Intermittent Network Slowness/Complete loss of Connectivity
I have a network stood up with vSphere. Over the past couple of years I have been experiencing occasional drops in network latency, or a complete loss of connectivity between servers. The interesting part here is that it's always the same servers that seem to have the issue. (i.e. I have a script that I wrote to detect network instability between one host many others, grepping through months of that data, several servers have upwards of 200 detected events, while others have 0).
I have been trying desperately to determine the source of these network issues. Recently, I wrote a script that would fire at the end of a cron that I have that detects the network events. The script tests ssh latency between one host and many, but before it starts the latency test, I start a packet trace using tshark and filtering on traffic coming from or going to the host that I'm testing and coming from or going to the host that I'm running the script from. It also filters on traffic on port 22 as I use ssh commands with the latency test.
Any help on this would be greatly appreciated. I'm a software engineer, not a network guy, just have enough knowledge to get this far.

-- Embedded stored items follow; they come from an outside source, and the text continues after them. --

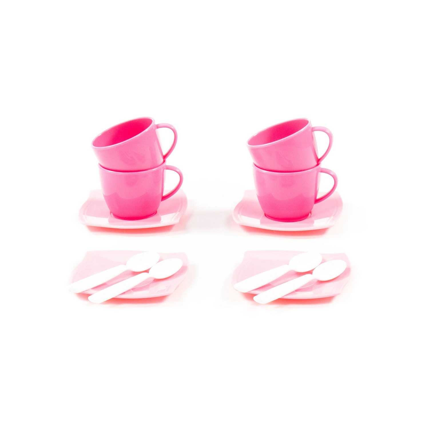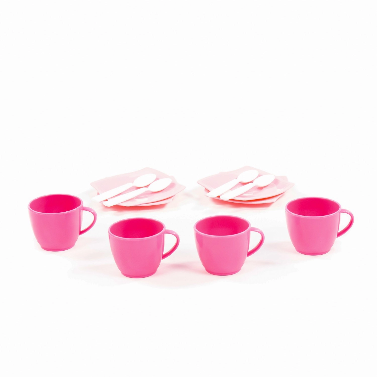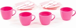 Adorable set de café pour enfants Alica pour 4 personnes, idéal pour jouer aux goûters thé et café. Il comprend 4 tasses avec anse, 4 soucoupes et 4 cuillères en plastique léger – sûr, résistant et facile à nettoyer. Parfait pour développer la motricité fine et les compétences sociales.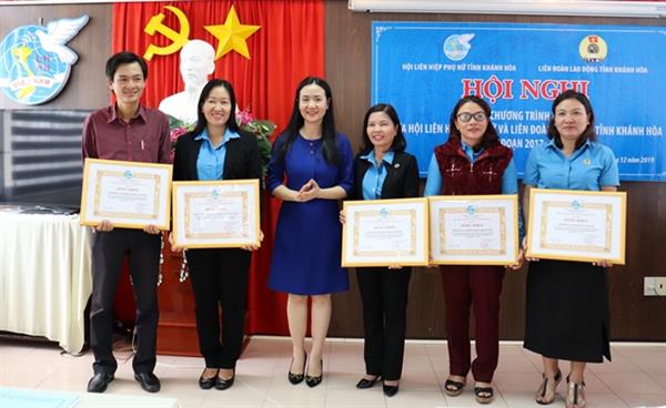 Tại Hội nghị, LĐLĐ tỉnh và Hội LHPN tỉnh đã trao tặng Bằng khen cho 10 tập thể và 10 cá nhân đã có thành tích xuất sắc trong việc thực hiện Chương trình phối hợp giai đoạn 2017 – 2019.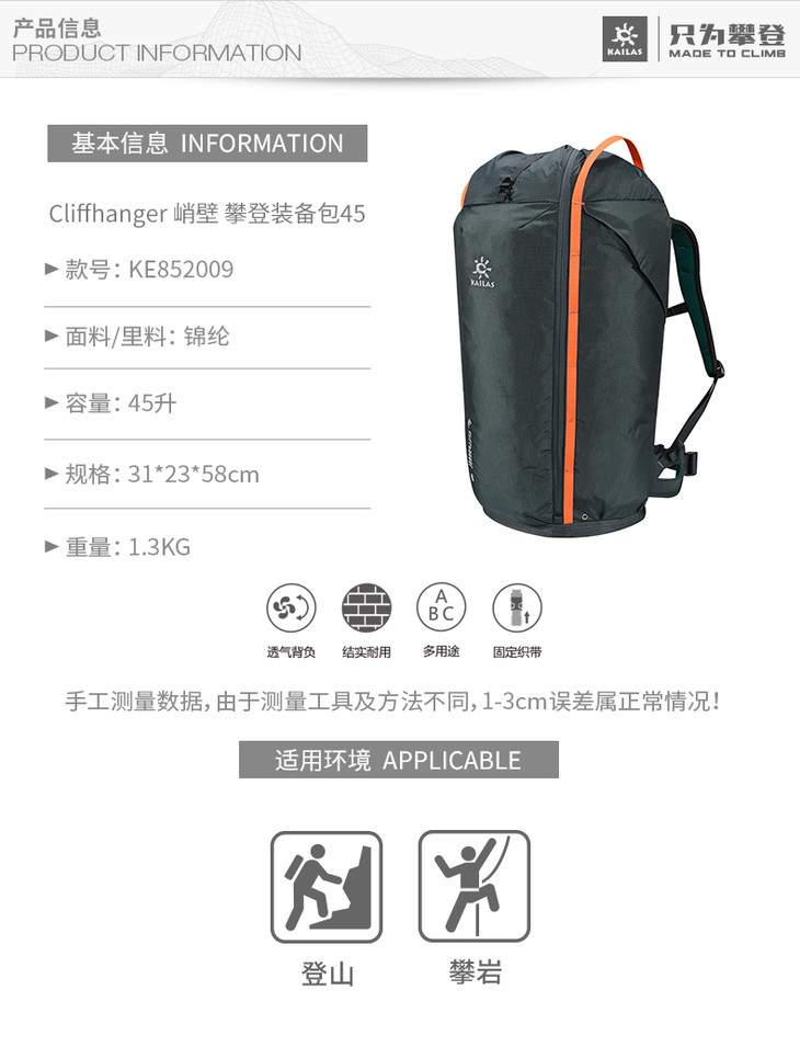 KAILAS/凯乐石 Cliffhanger 峭壁 攀登装备包 救援 攀登 45升 KE852009

Here is the tshark output I collected when a server was experiencing network degradation:
10 0.574704304 host -> client TCP 74 56104 > ssh [SYN] Seq=0 Win=29200 Len=0 MSS=1460 SACK_PERM=1 TSval=443780045 TSecr=0 WS=128
33 0.622798903 client -> host TCP 74 ssh > 56104 [SYN, ACK] Seq=0 Ack=1 Win=28960 Len=0 MSS=1460 SACK_PERM=1 TSval=443784521 TSecr=443780045 WS=128
34 0.622823233 host -> client TCP 66 56104 > ssh [ACK] Seq=1 Ack=1 Win=29312 Len=0 TSval=443780093 TSecr=443784521
35 0.622872658 host -> client SSH 87 Client Protocol: SSH-2.0-OpenSSH_7.4\r
36 0.671884861 client -> host TCP 66 ssh > 56104 [ACK] Seq=1 Ack=22 Win=29056 Len=0 TSval=443784570 TSecr=443780093
530 16.713179167 client -> host SSHv2 527 Server: Key Exchange Init
531 16.713203567 host -> client TCP 66 56104 > ssh [ACK] Seq=22 Ack=462 Win=30336 Len=0 TSval=443796184 TSecr=443800624
532 16.714881821 host -> client SSHv2 1314 Client: Diffie-Hellman Key Exchange Init
533 16.715060860 client -> host TCP 66 ssh > 56104 [ACK] Seq=462 Ack=1270 Win=31872 Len=0 TSval=443800639 TSecr=443796185
534 16.717441079 client -> host SSHv2 474 Server: New Keys
535 16.718751241 host -> client SSHv2 146 Client: New Keys
536 16.719009654 client -> host TCP 130 [TCP segment of a reassembled PDU]

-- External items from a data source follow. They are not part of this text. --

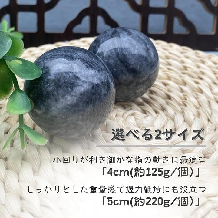 小回りが利き細かな指の動きに最適な「4cm(約125g/個)」と、しっかりとした重量感で握力維持にも役立つ「5cm(約220g/個)」から、目的に合わせてお選びいただけます。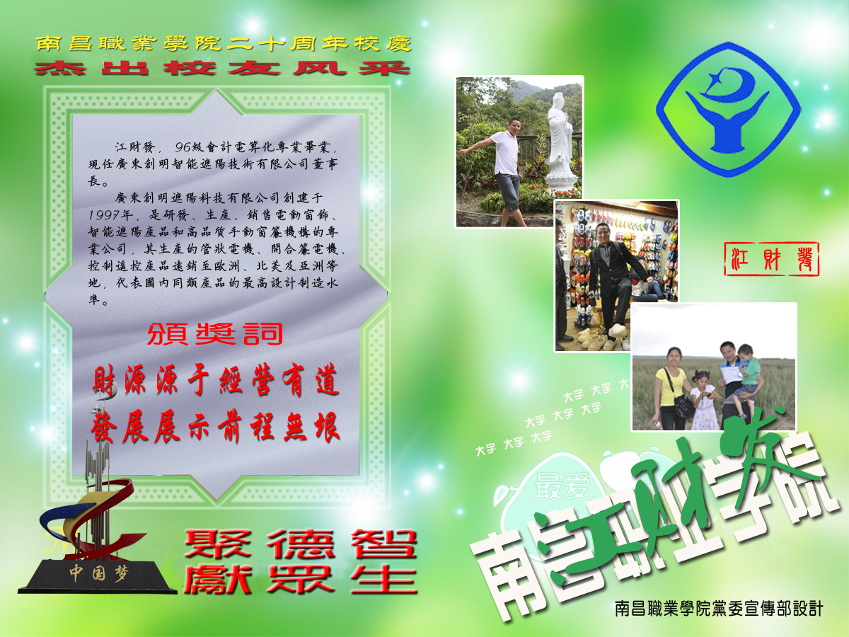 广东创明智能遮阳技术有限公司董事长——江财发(我院96级会电专业毕业)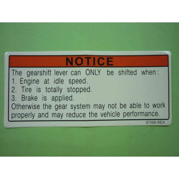 Description La pièce warning sign f référence 87506-REA-000 est une pièce d'origine du constructeur SYM et est exactement la même que celle montée à la sortie de l'usine du véhicule.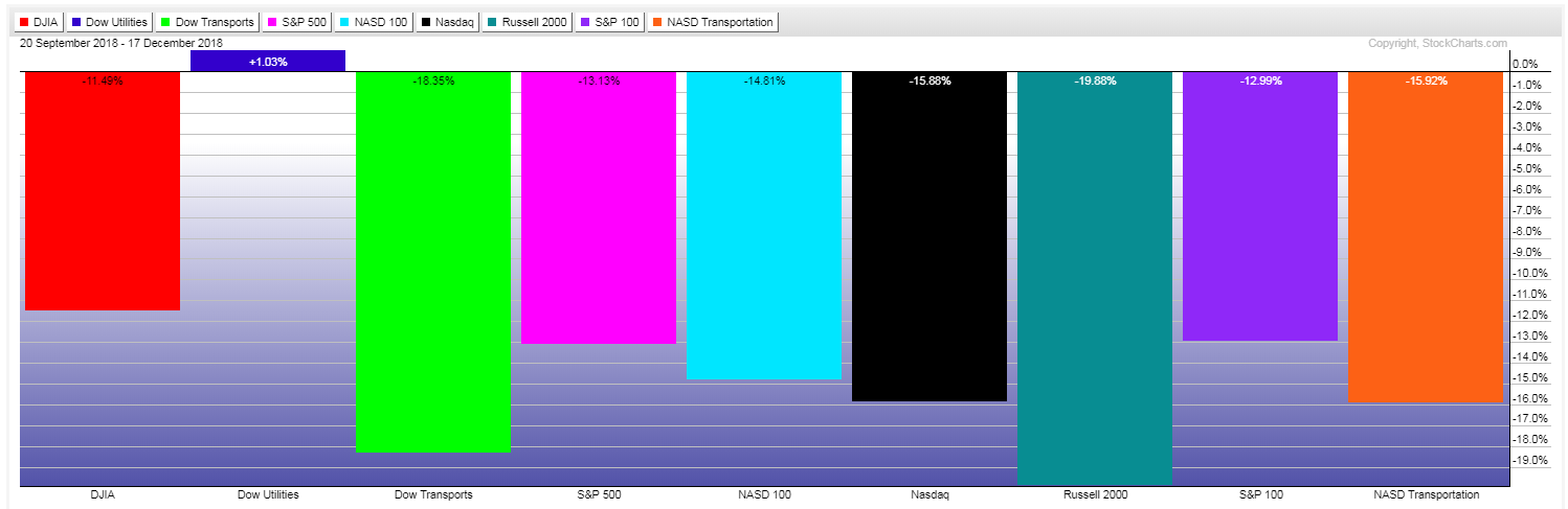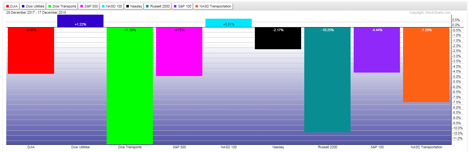 On December 17th, (yesterday) you will see from the first percentages gained/lost graph that 7 of the 9 Major U.S. Indices are in negative territory year-to-date.

537 16.719097445 host -> client TCP 146 56104 > ssh [PSH, ACK] Seq=1350 Ack=934 Win=31360 Len=80 TSval=443796189 TSecr=443800643[Reassembly error, protocol TCP: New fragment past old data limits]

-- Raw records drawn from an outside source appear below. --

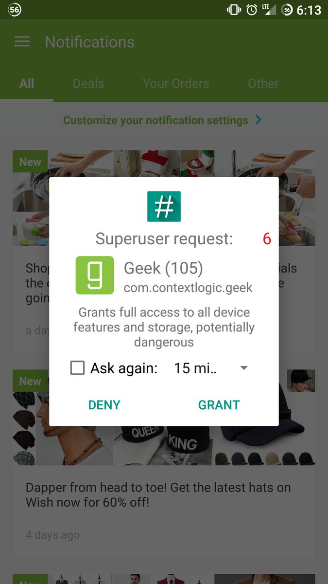 Geek app from Google Play with more than 10M installs requests root access. Not cool! This app is powered and developed by Wish Inc. with more than 100M installs.pic.twitter.com/kaQFeV938q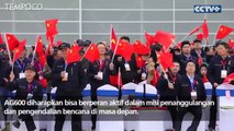 Pesawat amfibi terbesar buatan Cina AG600, atau Kunlong, menunjukkan kemampuan untuk penanggulangan bencana dan pengendalian kebakaran.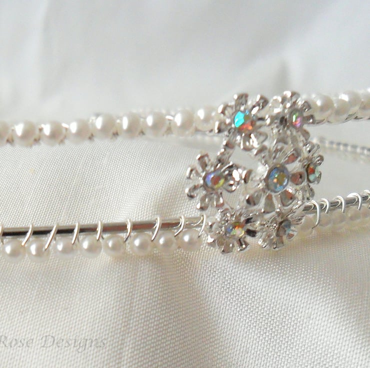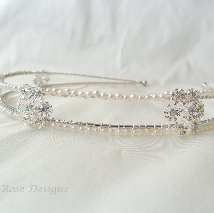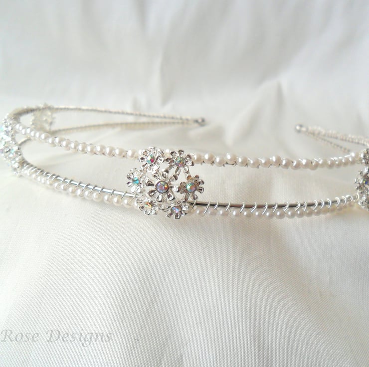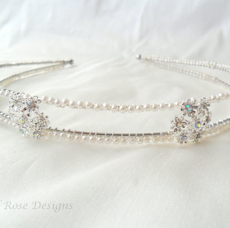 Hundreds of tiny seed pearls are wired to this slim double tiara base along with four 2 cm (3/4") diamante flowers. The diamantes are AB(Aurora Borealis) meaning that they sparkle with a rainbow of colours!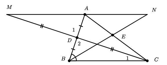 Cho tam giác ABC . Gọi D, E lần lượt là trung điểm của AB, AC. Trên tia đối của tia DC, lấy điểm M sao cho MD = CD. Trên tia đối của tia EB, lấy điểm N sao cho EN = BE. Chứng minh: A, M , N thẳng hàng và A là trung điểm của MN.
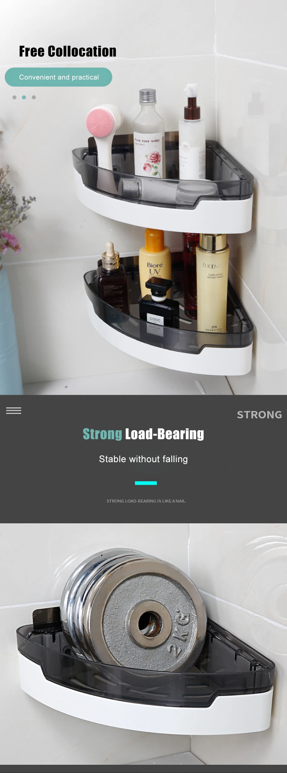 Треугольная угловая полка для ванной комнаты, стеллаж для хранения для кухни, органайзер, лосьоны для хранения, Бытовые аксессуары для ванной комнаты без сверла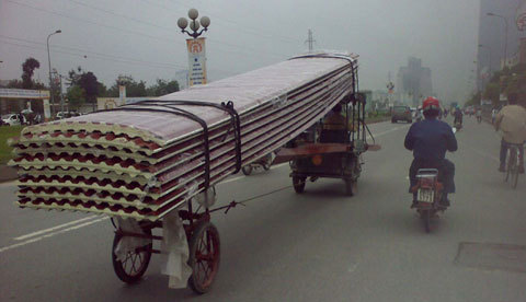 | Xe ba gác vẫn ngang nhiên chở hàng cồng kềnh trên đường Nguyễn Văn Cừ (Ảnh Gia Văn). |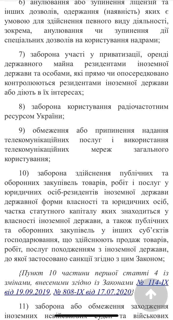 — 10 пункт — запрет пользования радиочастотным ресурсом Украины;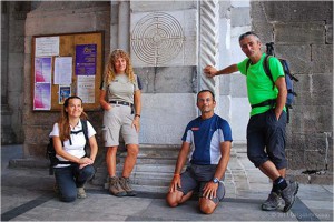 Nel tratto lucchese i due testimonial sono stati affiancati da Andrea Benvenuti e dalle guide di Ecoland Emilio Bertoncini e Serena Scalici anch’essi guide ambientali affiliate ad AIGAE. Il 23 di settembre, durante la giornata di pausa, le due guide hanno visitato Lucca sulle tracce dei pellegrini francigeni. E’ seguito l’incontro col Direttore dell’APT Icilio Disperati, la coordinatrice toscana AIGAE Antonella Poli e il consigliere provinciale Luciano Bracciali. L’occasione è stata propizia per confrontarsi sulle criticità del percorso della Via Francigena in provincia di Lucca e sulle possibili varianti per renderlo più accattivante.

538 16.724163039 client -> ...
/rant
How I love debugging a network issue with a wall of text (better than a screenshot though). Having a capture file that I can open in Wireshark and use all the wonderful facilities makes life so much easier. It's also a network traffic trace not a stack trace.
/rant
I think you have the host\client names wrong in the text, it should be the client initiating the connection, not the host.
At first glance there seems to be a long delay between the client acknowledging the SSH header in frame 16 and then the client starting the Key Exchange in frame 530, approx. 16 seconds, so this would seem to be a client issue.
There also seems to be some frames missing, i.e. the "Server: Protocol" message.
@grahamb sorry.... Like I said, I'm not a network engineer, I get things like host and client mixed up all the time... I thought it was host initing the connection. I wasn't sure if that time was in ms or seconds, but it sounds like that's actually seconds. Also the missing frames, that's really interesting. I removed IPs because I had to, but I didn't touch any total lines. I wonder why it's missing... I have packet captures from a "good" connection. Let me see if I can upload both files for you, if that's easier.
Do you know what New fragment past old data limits, might mean?
How do I upload a file?
Save captures to a public share, e.g. Google Drive, DropBox etc. and then post a link to it back here.
The TCP message is from the Wireshark reassembly code (anything in square brackets is inferred or synthesised by Wireshark) and indicates that it failed because the TCP segments don't appear to "add up". Access to the capture file will allow better analysis as we can then look at sequence numbers.
Ok, I'll see what I can do about getting it hosted somewhere. Is there a difference between a capture file and what I have here? Do you mean like using the -w option on tshark and using that file? Currently, I'm using a display filter, which, from what I understand, cannot be used with the -w option and am instead just > the STDOUT to a file and killing the tshark process after my latency test completes.